What does ‘self-paying’ patient mean? - Private Medical Insurance

Self-paying is a term used to describe someone who choose to pay for their treatment directly rather than using private health insurance.

It is an option if you don’t want to pay a monthly premium, have a chronic or pre-existing condition or fall within an insurer’s list of exclusions. You may prefer to self pay if you are over a certain age as health insurance premiums increase the older you get. Question 10 discusses this in greater detail. Hospitals don’t restrict your ability to self-pay because of your age. Self-paying means that you only pay for the treatment you need.

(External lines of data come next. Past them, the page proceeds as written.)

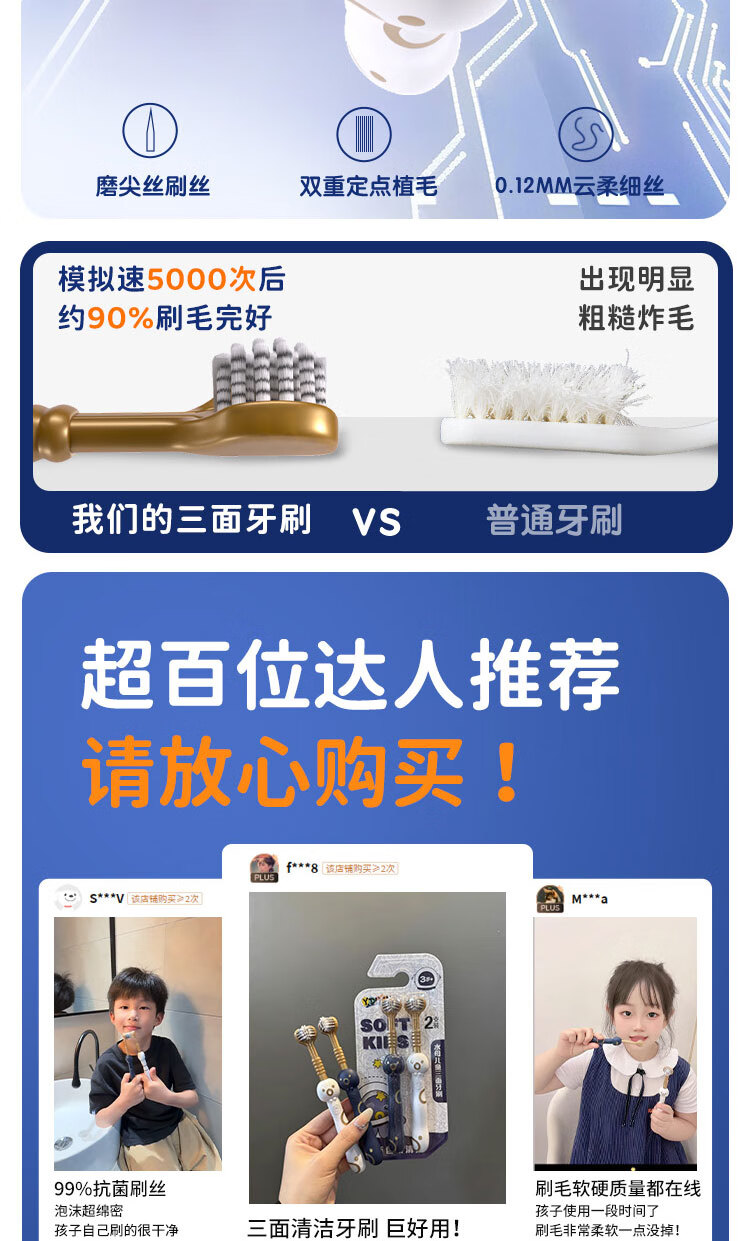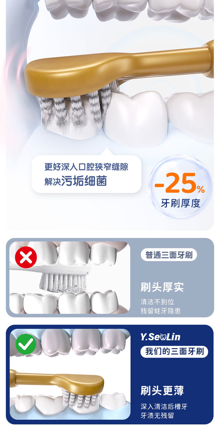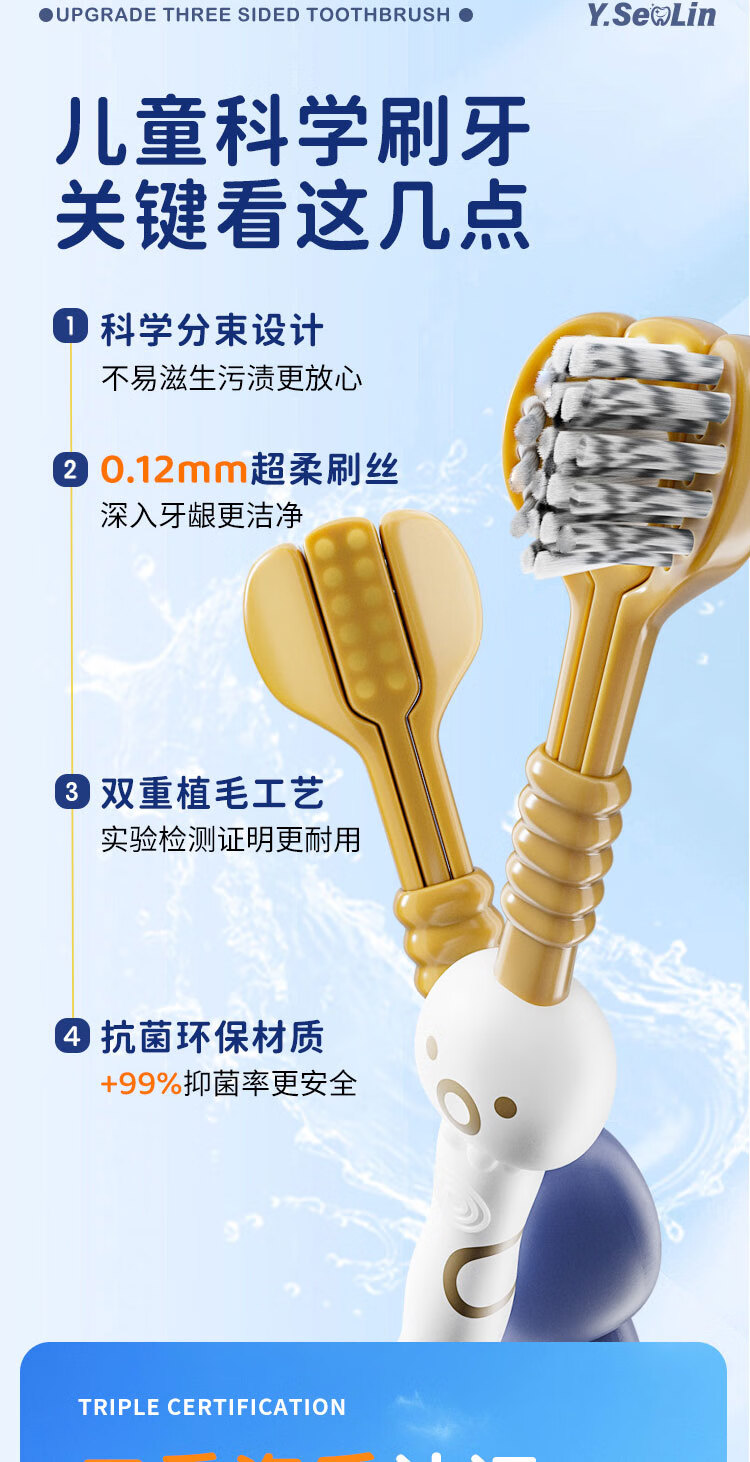 Yinyan forest children's toothbrush with soft bristles for 6-12 years old, special three-sided soft bristles for teenagers 12-15 years old, Sam's same style
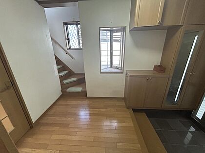 【リフォーム中】玄関内部の写真です。こちらは天井・壁のクロス張替え、フローリングの重ね張りを行います。家族と来客をお出迎えする玄関は住宅の顔。暗くなりがちな玄関も明るく清潔感漂う空間に仕上げていきます
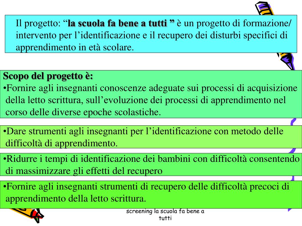Il progetto: “la scuola fa bene a tutti ” è un progetto di formazione/ intervento per l’identificazione e il recupero dei disturbi specifici di apprendimento in età scolare. • Scopo del progetto è: • Fornire agli insegnanti conoscenze adeguate sui processi di acquisizione • della letto scrittura, sull’evoluzione dei processi di apprendimento nel • corso delle diverse epoche scolastiche. • Dare strumenti agli insegnanti per l’identificazione con metodo delle • difficoltà di apprendimento. • Ridurre i tempi di identificazione dei bambini con difficoltà consentendo • di massimizzare gli effetti del recupero • Fornire agli insegnanti strumenti di recupero delle difficoltà precoci di • apprendimento della letto scrittura. screening la scuola fa bene a tutti
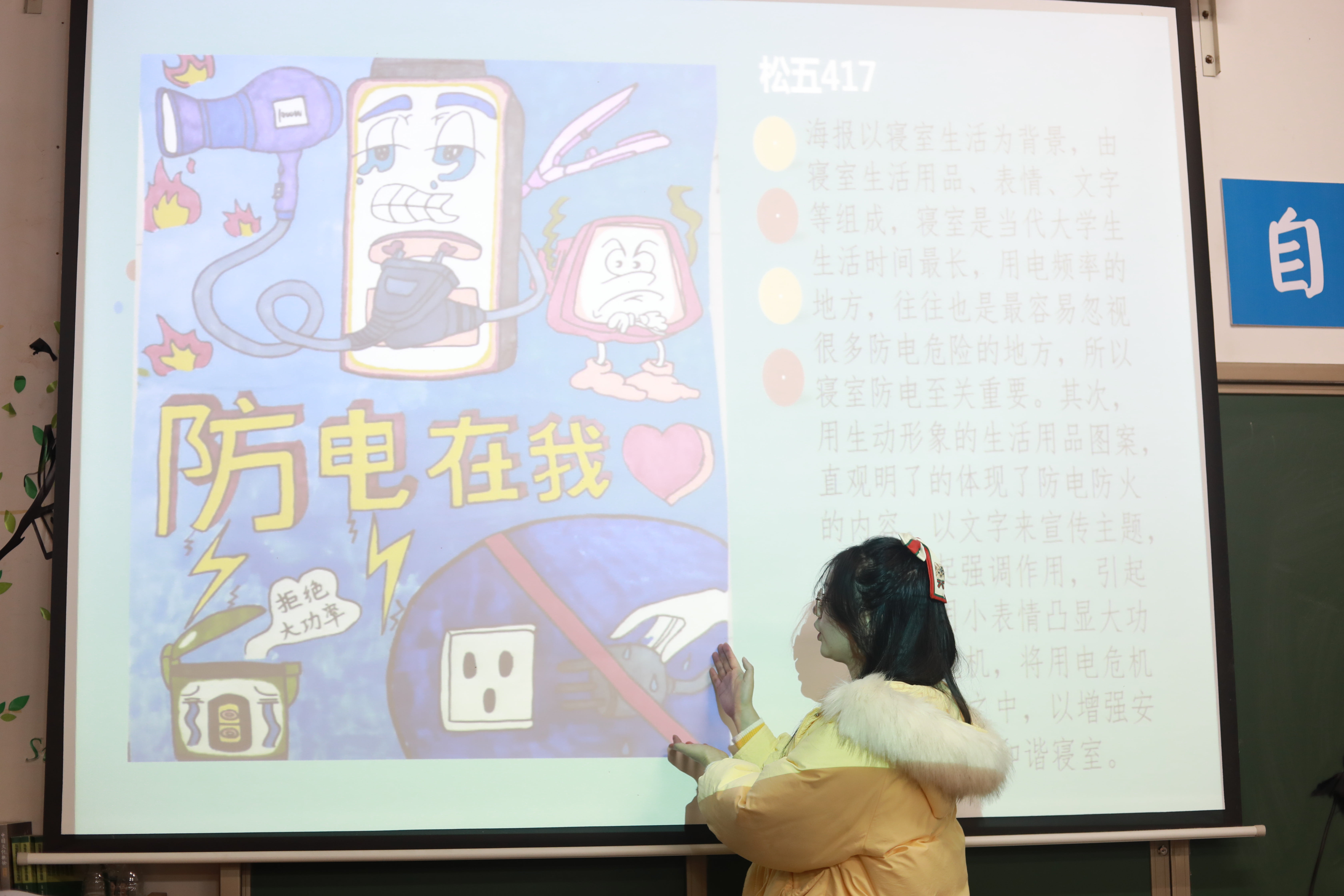 本次参赛的海报作品丰富多彩、色彩和谐、主题鲜明,突出了“防火”、“防电”和“防盗”的重点。荷园二栋混寝成员李钰晨同学介绍道:“‘火’既是光明又是魔鬼。”并用英文警示大家警惕寝室安全隐患;
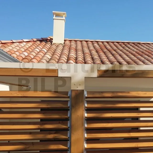Il permet également la connexion d’une longue poutre de 90x90mm à un poteau intermédiaire de 90x90mm.
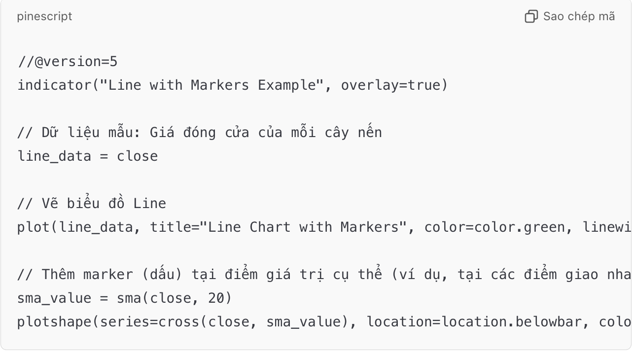 Bằng cách sử dụng Pine Script trong TradingView, bạn có thể dễ dàng tạo và tuỳ chỉnh các biểu đồ Line, Line with Markers và Step Line để phân tích dữ liệu và thị trường một cách hiệu quả. Các hàm plot() và plotshape() cho phép bạn vẽ đường và thêm các điểm dữ liệu cụ thể (markers) theo nhu cầu.
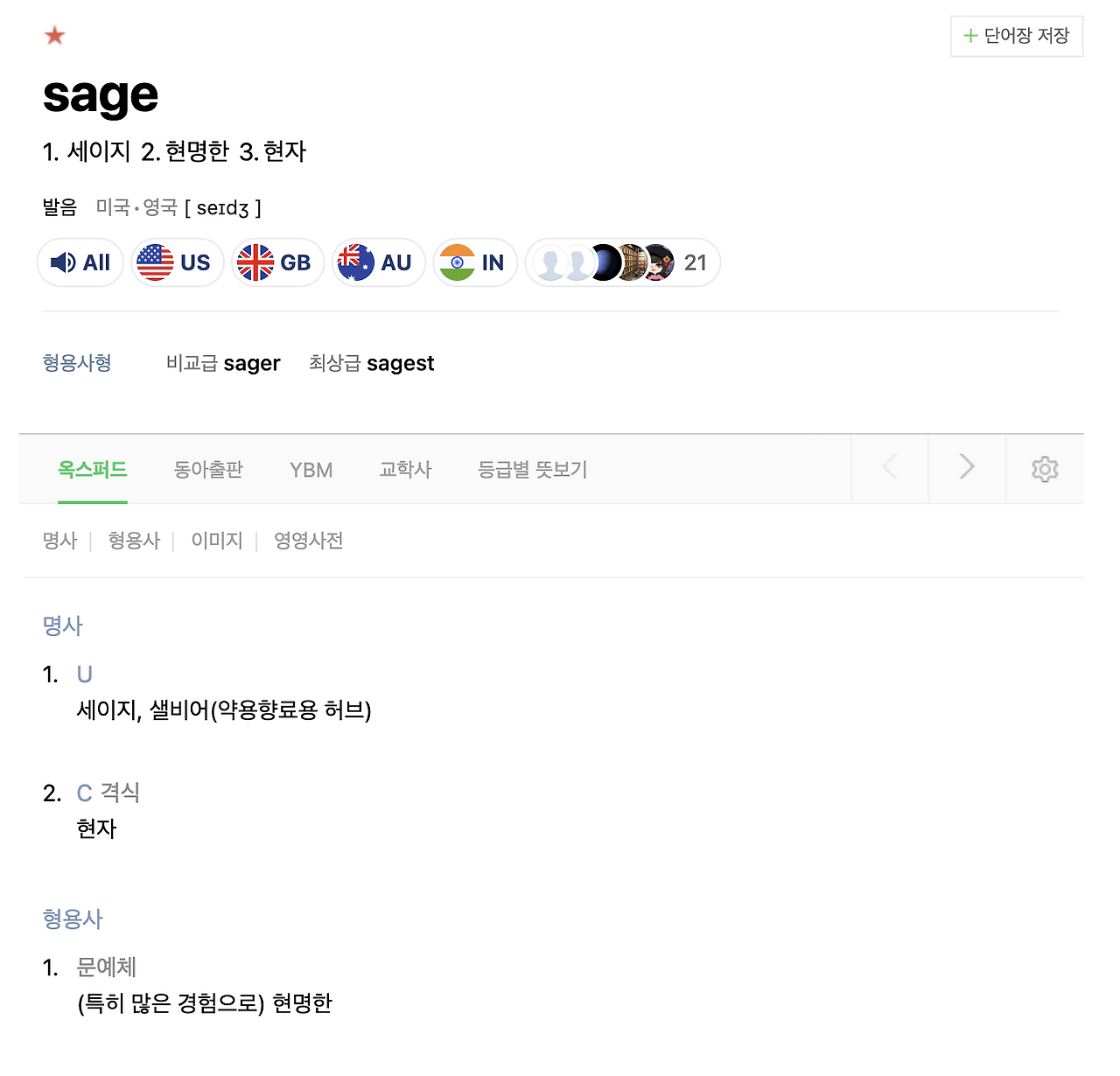 "현자"라는 단어의 영어 단어는 "Sage이다.
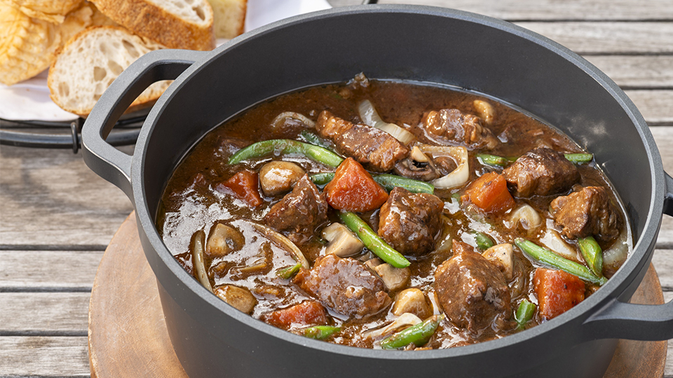일본산 소고기의 감칠맛과 레드 와인의 향이 근사한 아침을 연출합니다. 바게트나 포카치아 등 수제 빵을 곁들이면 소스의 깊은 맛과 밀의 고소함이 어우러져 평온한 아침에 어울리는 풍요로운 시간이 펼쳐집니다.
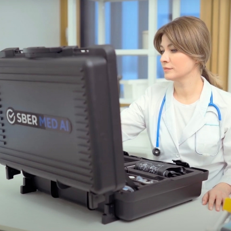Аппаратно-программный комплекс мобильной диагностики «Цифровой ФАП». Комплекс представляет собой диагностическое оборудование, собранное в компактный кейс для безопасной транспортировки и хранения, с подключением к интернету и сервисам на базе искусственного интеллекта.
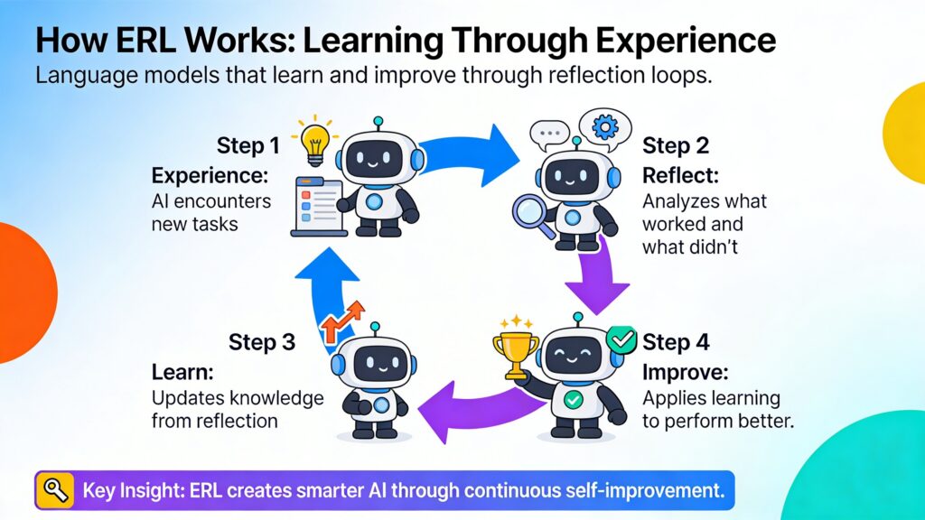 In the context of AI, ERL embeds an explicit experience–reflection–consolidation loop inside the reinforcement learning process. Instead of just optimizing for a score, the model is trained to analyze its own behavior. It transforms raw, binary feedback (pass/fail) into rich, linguistic reasoning signals.
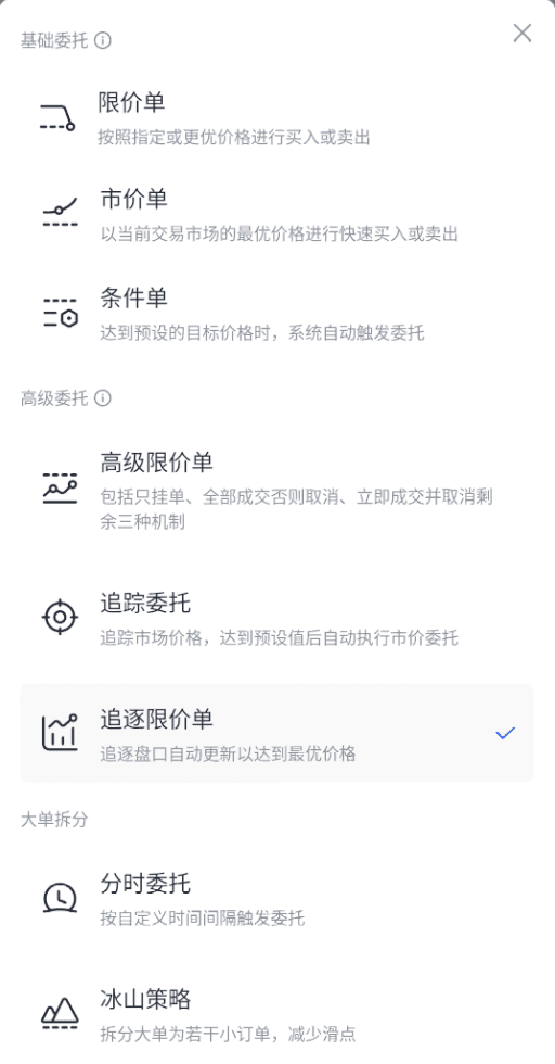第1步:进入交易界面后,选择您想下单的交易对,然后在下单区点击展开更多委托方式,选择“追逐限价单”;
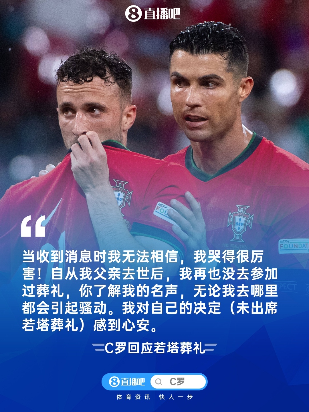 C罗:当时我和乔治娜在健身运动练习 房,我收到消息时我无法相信。我哭得很厉害。这对每个人来说都是非常非常艰难的时刻,对国家、对家庭、对朋友、对队友来说,这是非常非常令人悲伤的消息。
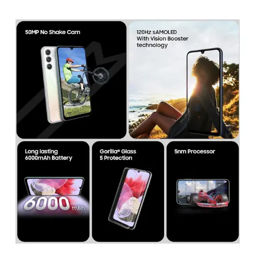 إذا كنت تبحث عن هاتف ذكي جديد يوفر لك أداء جيد مع تجربة ممتعة في التصوير أو المشاهدة فقد يكون هاتف Samsung Galaxy M34 5G الخيار المناسب لك حيث يأتي بشاشة Super AMOLED بتردد 120 هيرتز مع كاميرا خلفية 50 ميجا بكسل تدعم المثبت البصري ودعم تصوير فيديو بجودة الـ 4K مع بطارية عملاقة بسعة 6000 مللي أمبير وشحن سريع 25 واط واستخدام معالج Exynos 1280 من تصنيع سامسونج .
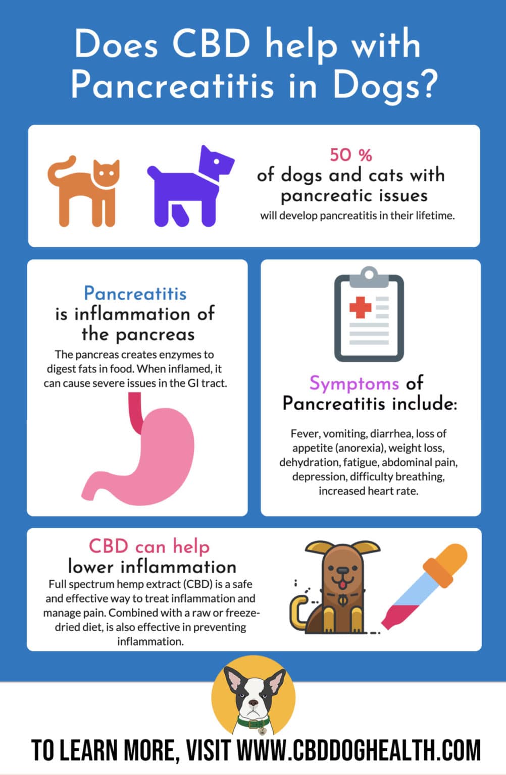Pancreatitis - Administer 9-18mg of CBD for pancreatitis in dogs. Adjust as needed. Full spectrum hemp extract can also help relieve nausea and GI pain associated with pancreatitis. CBD is also helpful in regaining a pet’s appetite.
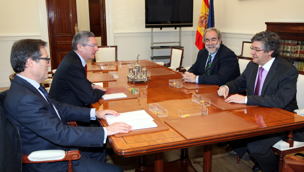 (Redacción, 19/02/2013) El Ministro de Justicia, Alberto Ruiz-Gallardón, recibió esta mañana a José Luis Andavert y a Mariano Blázquez, Presidente y Secretario Ejecutivo de la Federación de Entidades Religiosas Evangélicas de España (FEREDE), respectivamente. El Ministro estuvo acompañado del Director General de Cooperación Jurídica Internacional y Relaciones con las Confesiones, Ángel Llorente.
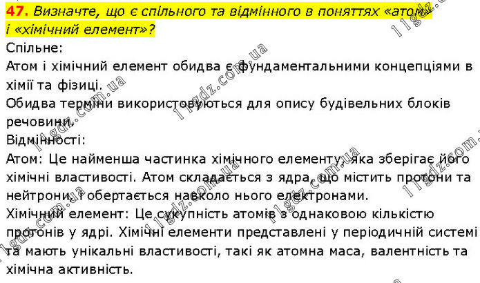 Визначте, що є спільного та відмінного в поняттях «атом» і «хімічний елемент»? Спільне: Атом і хімічний елемент обидва є фундаментальними концепціями в хімії та фізиці. Обидва терміни використовуються для опису будівельних блоків речовини. Відмінності: Атом: Це найменша частинка хімічного елементу, яка зберігає його хімічні властивості. Атом складається з ядра, що містить протони та нейтрони, і обертається навколо нього електронами. Хімічний елемент: Це сукупність атомів з однаковою кількістю протонів у ядрі. Хімічні елементи представлені у періодичній системі та мають унікальні властивості, такі як атомна маса, валентність та хімічна активність.

If you want to self-pay for treatment then, first of all, you need to be referred by your GP. Some private units or hospitals have access to their own GP’s which can speed the process up but your GP will be more familiar with your medical history and is the best person to advise you about this. The next step requires you to shop around hospitals to obtain quotes and agree upon a price for your treatment. If you are having surgery then this is known as ‘fixed price surgery’. This will take the form of a contract which sets out what is included, and what isn’t so you know exactly what you are paying for. This contract includes the following, and will be presented to you at the end of your treatment:

  • Private room
  • Nursing care
  • Theatre time
  • Drugs used
  • Dressings used
  • Costs incurred because of complications

It doesn’t include:

  • Pre-operative tests
  • Consultation fee
  • Anaesthetist fee
  • Costs of post-treatment medication
  • Personal extras such as phone calls, meals for guests etc

Your treatment can be arranged at a private unit within an NHS hospital or at private hospitals or clinics.

You will probably be asked to settle your account before undergoing treatment.